JOINING PROCESS – BRAZING AND SOLDERING

INTRODUCTION
Some products cannot be manufactured as a single piece. The desired shape and size of such products can be obtained by joining two parts of same or different materials. These parts are manufactured individually and are joined together to obtain the desired product. For example, aircraft and ship bodies, welded machine frames, furniture, computers, bridges and the transmission or electric towers etc., are all fabricated by joining several different parts.

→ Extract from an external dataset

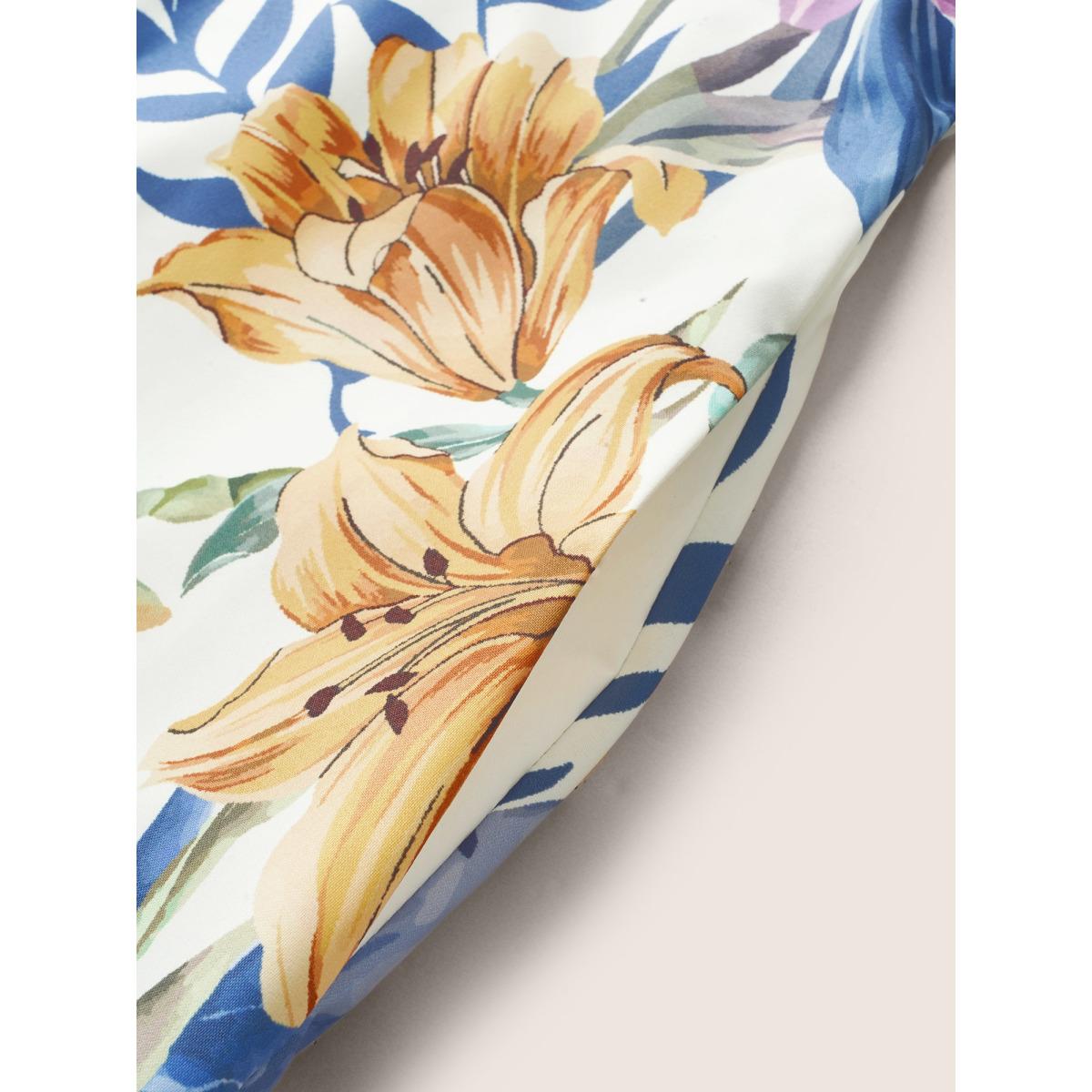 Plus Size Floral Print Shirred Cami Midi Dress Originalwhite Women Resort Square Neck Sleeveless Curvy BloomChic 26/4X

Based on the type of joint produced joining processes can be classified as
  1. Temporary Joint.
  2. Permanent Joint. 
If a product is in use for a long time and there is wear and tear, the parts need to be dismantled for maintenance, repair or replacement. A temporary joint can be easily dismantled separating the original parts without any damage to them. In case it is a permanent joint, an attempt to separate the parts already joined will result in the damage of the parts. In a permanent joint, the joint is made such that it has properties similar to the base metal of the two parts. The joined parts become one piece. These parts cannot be separated into their original shape, size and surface finish. Based on the process used for making the joint, the joining processes can be further classified as
  1. Soldering.
  2. Brazing.
  3. Welding.
  4. Mechanical Fasteners like bolts, nuts, rivets, screws etc.
  5. Adhesive bonding.
Mechanical fasteners are most widely used for temporary joints. Joints obtained by bolts and screws are temporary in nature and can be dismantled easily whenever necessary. Rivets are semi-permanent fastening devices and the joint can be separated only by destroying the rivet without affecting the parent elements. Adhesive bonding has generally less strength than the mechanical fasteners. But adhesive bonding is used to join odd shaped parts or thin sheets which may not lend themselves to mechanical fastening. Brazing and soldering are considered to form permanent joints, but for repair or replacement these joints can be dismantled by heating. Welding is one of the most extensively used fabrication method. The joint strength obtained in welding is being equal to or some times more than that of the parent metal. Welding is not only used for making structures, but also for repair work such as the joining of broken castings. The choice of a particular joining process depends on several factors such as application, nature of loads or stresses, joint design, materials involved and size and shape of the components.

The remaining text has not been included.